Chapter 10: Definite forms
Page 270
Marginnote 21: Change "isomorphism" to "isometry."(Thanks to Corey Shanbrom, March 2019.)
Page 271
Figure 10.3 Caption: The final displayed equation should end with a period. Also "primitive classes" should just refer to primitivity of the forms, as in the definition of the class number. (Thanks to Corey Shanbrom, March 2019.)
Page 272
Line 5: zeta(3) is often called Apéry's constant, and is approximately 1.202056903159594. (Thanks to Corey Shanbrom, March 2019.)
Page 277
Marginnote 39, line 4: "l’Acadamie" should be "l’Académie." (Thanks to Vens Lee, February 2019.)
Page 279
Sidenote 29: "Francisc" should be "Francis". (Thanks to Pete Morcos, October 2019.)
Page 279
Exercise 12(c): A period is missing at the end. (Thanks to Corey Shanbrom, March 2019.)
Page 279
Exercise 15: No comma is needed. (Thanks to Corey Shanbrom, March 2019.)

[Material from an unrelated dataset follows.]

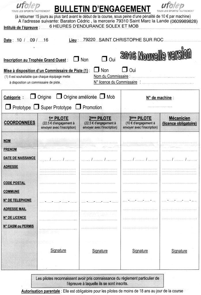Ci-joint l'engagement de St Christophe sur Roc (endurance 6H) le 10/09/2016:

Chapter 11: Indefinite forms
Page 282
Line 8: "a(0)^2" should be "a(1)^2". (Thanks to Pete Morcos, October 2019.)
Page 291
In the two figures, the "v" should be in italics like the other variables.
Page 294
Marginnote 13: This sentence fragment should probably be made into a complete sentence. (Thanks to Corey Shanbrom, March 2019.)
Page 299
Table 11.1: This is an important classification... maybe it should be a theorem, proven earlier. (Thanks to Corey Shanbrom, March 2019.)
Page 300
End of Brahmagupta quote: "Interpolatpors" should be "Interpolators". (Thanks to Pete Morcos, October 2019.)
Page 300
Marginnote 28: A period is missing at the end.(Thanks to Corey Shanbrom, March 2019.)
Page 301
Marginnote 30: A period is missing at the end.(Thanks to Corey Shanbrom, March 2019.)
Page 301
Marginnote 38: Change ArXiv to arXiv. But this article has now been published in Comptes Rendus. (Thanks to Corey Shanbrom, March 2019.)

End matter


Page 315
There should only be one entry for Sunzi (c.220-420CE).
Page 317
Entry for E. Bézout: "a l’usage" should be "à l'usage." Entry for J. Bourgain: "Mathematique" should be "Mathématique." (Thanks to Vens Lee, February 2019.)
Page 318
Entry for Chebyshev: "nouveaux" should be "nouveau" and "mathematique" should be "mathématique" and "l’Academie Imperiale" should be "l’Académie Impériale." (Thanks to Vens Lee, February 2019.)
Page 321
First entry for Lagrange: "théoreme" should be "théorème." (Thanks to Vens Lee, February 2019.)